Regular monitoring may include:

  • Annual or more frequent visits with your endocrinologist
  • Blood tests to measure IGF-1 and, when needed, growth hormone levels
  • Periodic MRI scans to check for tumor regrowth
  • Screening and management of:
    • Diabetes or prediabetes
    • High blood pressure
    • High cholesterol
    • Sleep apnea (often evaluated with a sleep study at a local sleep center)
    • Heart disease (echocardiograms or cardiology referral if needed)

Because Michigan’s seasonal changes can impact symptoms (joint pain, sleep quality, mood, and activity levels), your care team may adjust treatment and lifestyle recommendations throughout the year.


Living With Acromegaly in Grand Rapids

With proper treatment and regular follow-up, many people with acromegaly in Grand Rapids can lead active, fulfilling lives.

Helpful strategies include:

  • Working closely with a local endocrinologist
  • Keeping regular primary care visits to manage blood pressure, cholesterol, and diabetes risk
  • Staying active year-round, using indoor options (like local gyms or community centers) during West Michigan winters
  • Seeking evaluation for sleep apnea if snoring, daytime fatigue, or pauses in breathing during sleep are noticed
  • Maintaining a healthy diet to support blood sugar and heart health

Where to Get Help in Grand Rapids, MI

If you notice symptoms of acromegaly or have been told your facial features, hands, or feet are changing, contact:

  • Your primary care provider (GP/family doctor) – for initial evaluation and referral
  • Endocrinologist – hormone specialist for diagnosis and long-term management
  • Neurosurgeon – if pituitary surgery is recommended

Local resources include:

  • Corewell Health (Spectrum Health) – Endocrinology & Neurosciences
  • Trinity Health Grand Rapids – Endocrinology & Neurosurgery
  • Metro Health – University of Michigan Health – Endocrinology
  • Mercy Health clinics serving the Grand Rapids area
  • Kent County Health Department and Grand Rapids Public Health – for general health resources, chronic disease support, and referrals

For education and national support:

  • American Pituitary Foundation – offers information, patient stories, and support resources for people living with pituitary disorders like acromegaly.

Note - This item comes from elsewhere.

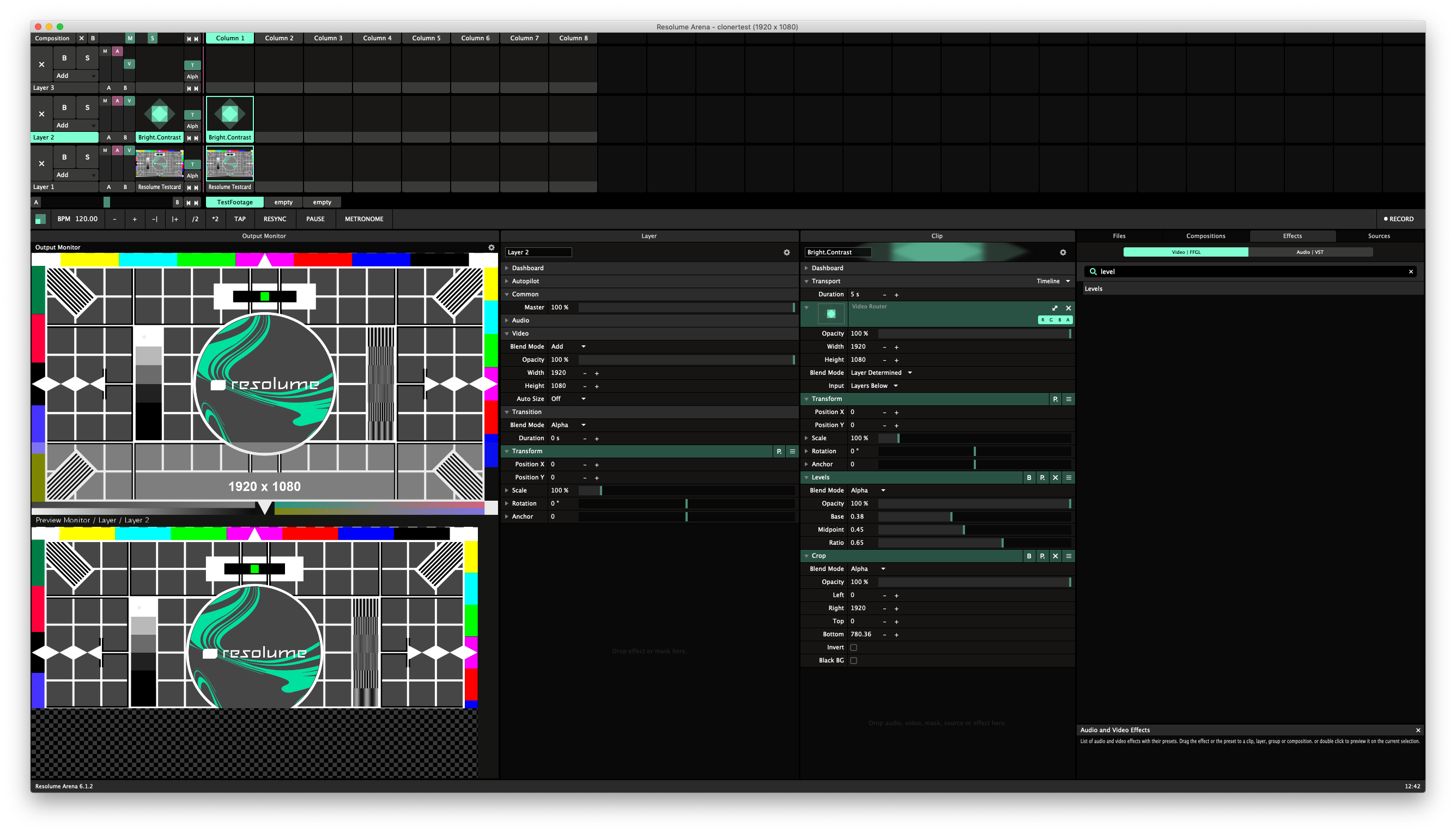 A Kings-Way would be to put a SINGLE »Levels«-Plugin with ONE single adjustment to the Composition and do the Calibration just for one time for all playing stuff at once (and NOT for every clip in additional layers).

Key Points About Acromegaly

  • Acromegaly is caused by excess growth hormone, usually from a benign pituitary tumor.
  • In children, the same hormone excess causes gigantism (abnormally tall stature).
  • Adults between 30 and 50 years are most commonly affected.
  • Symptoms develop slowly, including facial changes, enlarged hands and feet, headaches, and vision changes such as loss of side vision.
  • Treatment in Grand Rapids typically includes medications, pituitary surgery, and sometimes radiation therapy, with long-term follow-up.

If you live in the Grand Rapids, Michigan area and are concerned about possible symptoms of acromegaly, contact your doctor or a local endocrinology clinic for evaluation. Early diagnosis and treatment can significantly improve health and quality of life.